The fields most in need of professional talent from abroad include hi-tech industries, energy/natural resources, healthcare and life sciences, according to the 2013 Executive Search Industry Global Outlook Report, by the Association of Executive Search Consultants.
“The senior executive talent shortage is the most visible this year in China,” said Peter Felix, president of the New York-based global headhunting organization.
Citing one example of the penetration of foreign talent into the Chinese business world, Felix said that around half of Lenovo’s board of directors are American.
“In order to retain this high-end group of talent, China needs to compete with other countries,” he said.
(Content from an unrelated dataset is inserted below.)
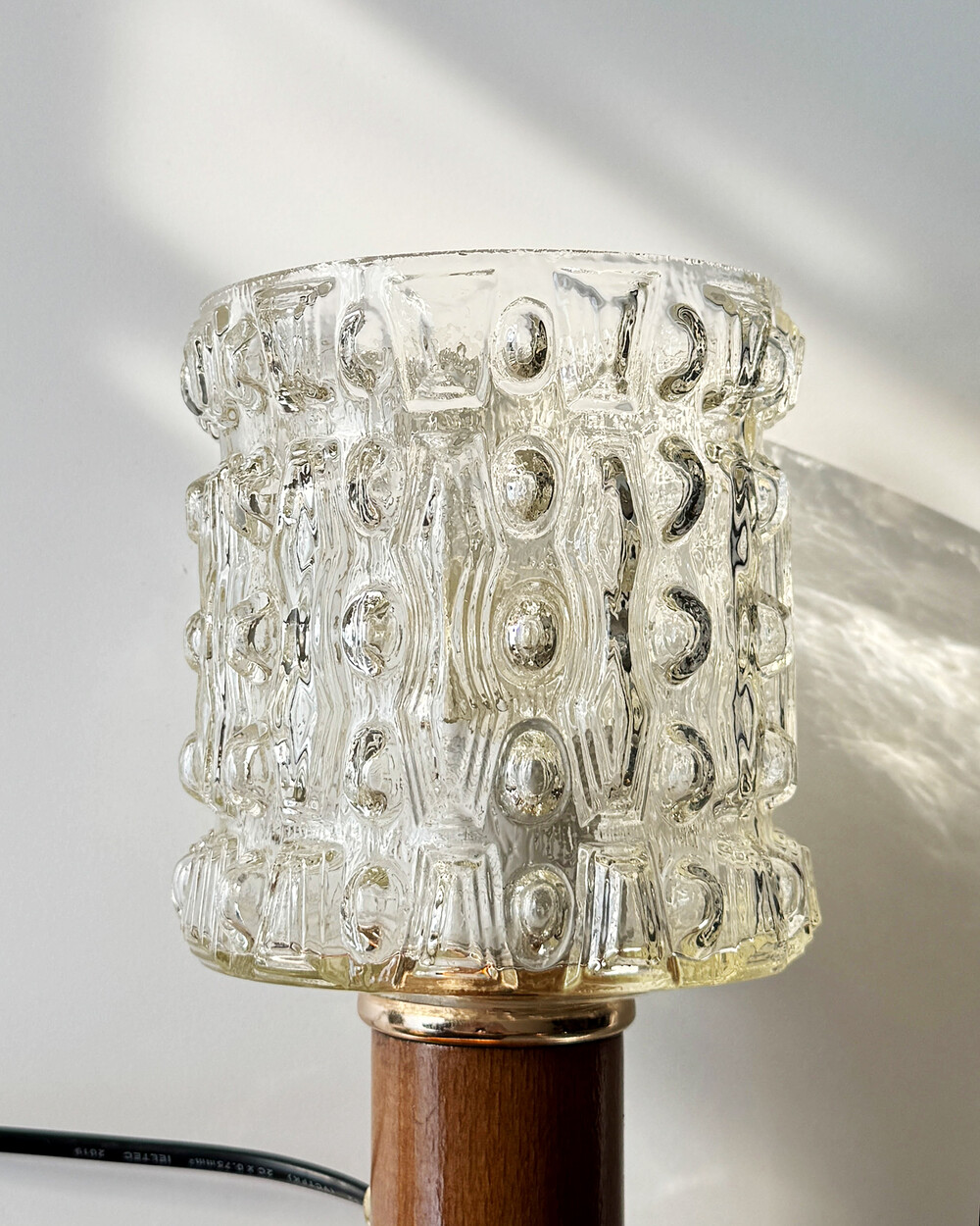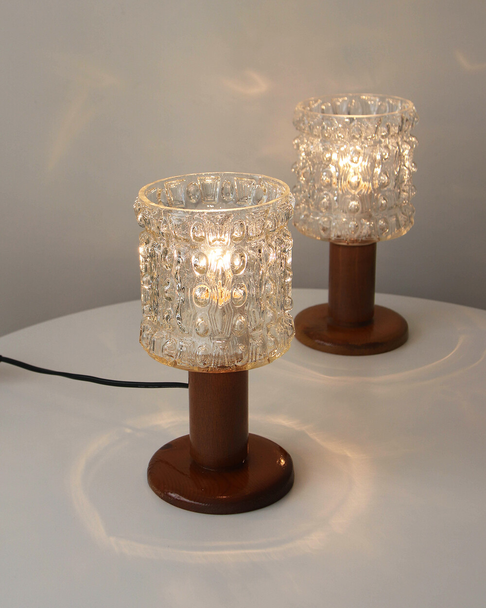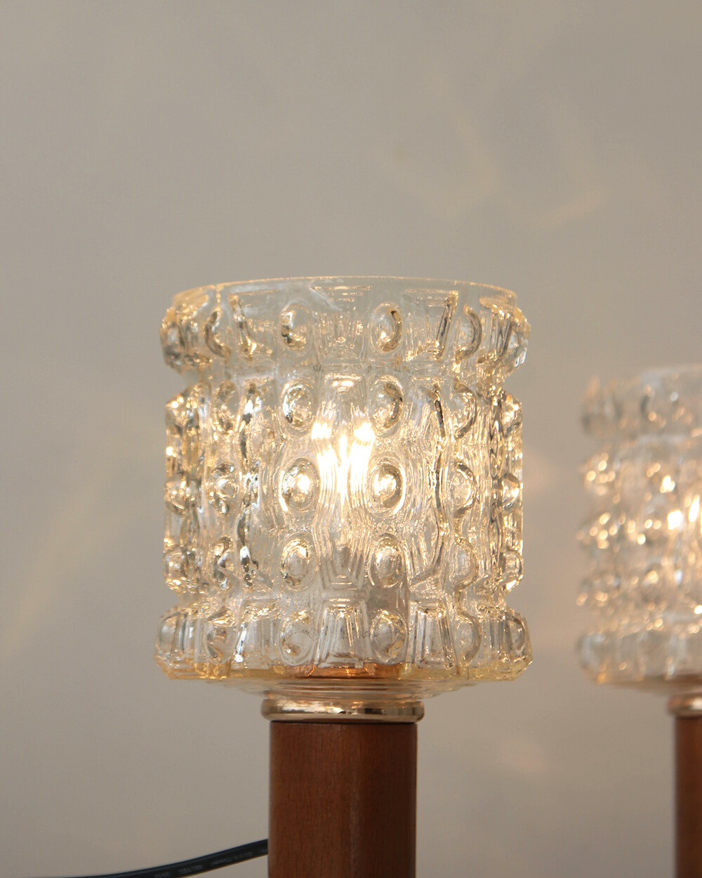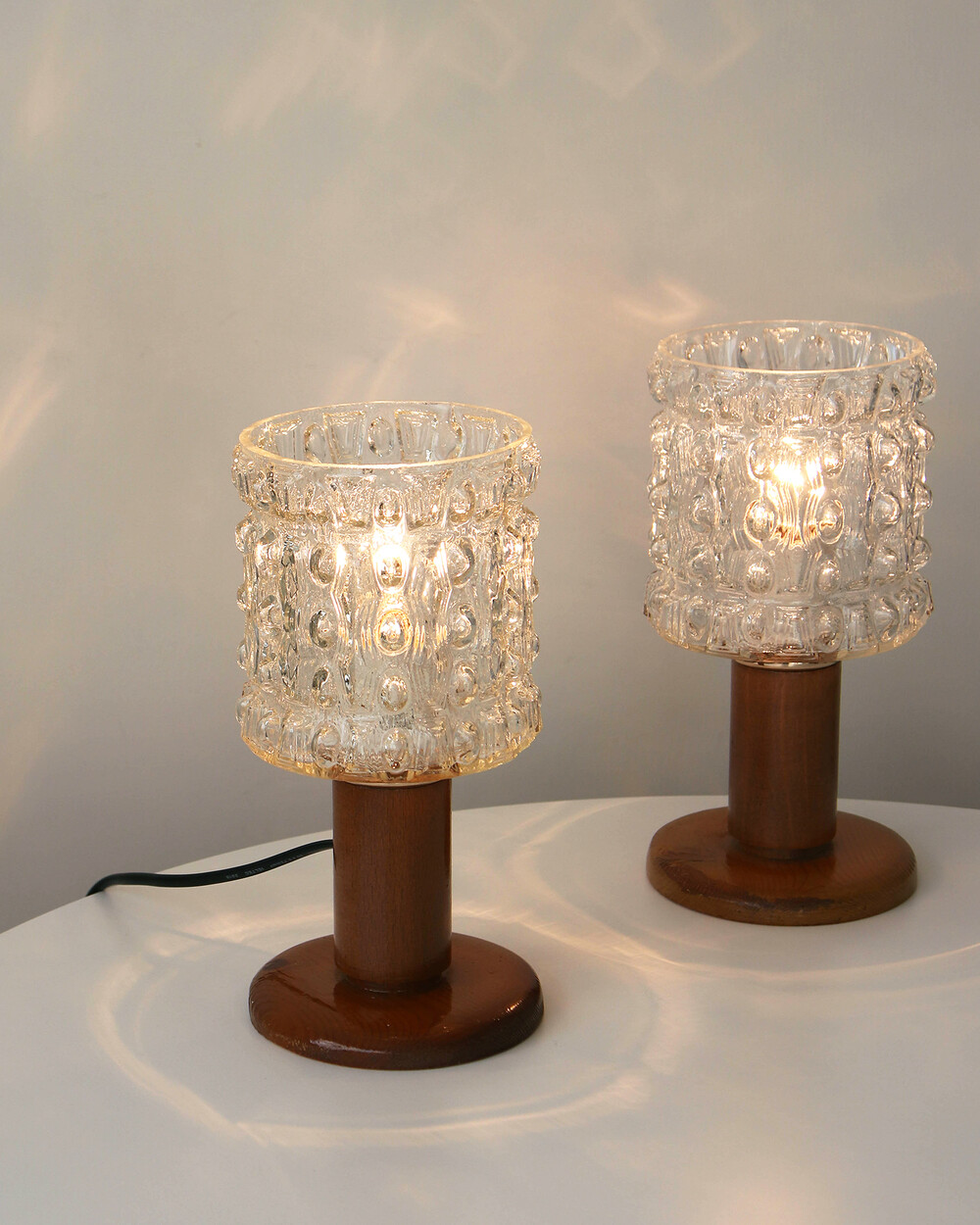 글라스 셰이드는 투명한 컬러를 띄고 있으며, 입고된 두 램프 중 우드 베이스에 세월감이 비교적 남아 있습니다.

Liu Huaisong, chairman of Zhongguancun Talent Association, said that compared with Silicon Valley in United States where more than 40 percent of the companies are started by foreigners, Zhongguancun, China’s “Silicon Valley”, has a low proportion of overseas talent.
Felix told China Daily that his organization, as well as the China Global Talent Society and Zhongguancun Talent Association, are joining forces to help Chinese high-tech companies search executives globally.
“In this sense, China needs to create a whole package, including visa policy, education, retirement, legal system and also environment, to attract them,” Felix said.
However, there are tensions between the need for global talent and current social policies.
Lin Lei, deputy head of human resources for Microsoft China, said that the issuing of visas is a big issue.
“If there were more green cards issued to the senior executives, things would be easier,” she said, citing the example of Zhang Yaqin, corporate vice-president of Microsoft, who was born in China but now holds a US passport.
According to data from the Ministry of Public Security, China had only issued 4,752 green cards to foreign residents by the end of 2011.
For industry executives like Zhang, who is valuable in every company and every country, we still have to help him renew his visa every year, which is a huge burden. Why not give people like him a green card?” Lin said.
Lin also said that Chinese education, healthcare and environmental standards are not always conducive to retaining talents.
“If Chinese professionals who have global industry experience immigrate to other countries because they are dissatisfied with the package offered to them, it will be a huge loss for the country,” she said.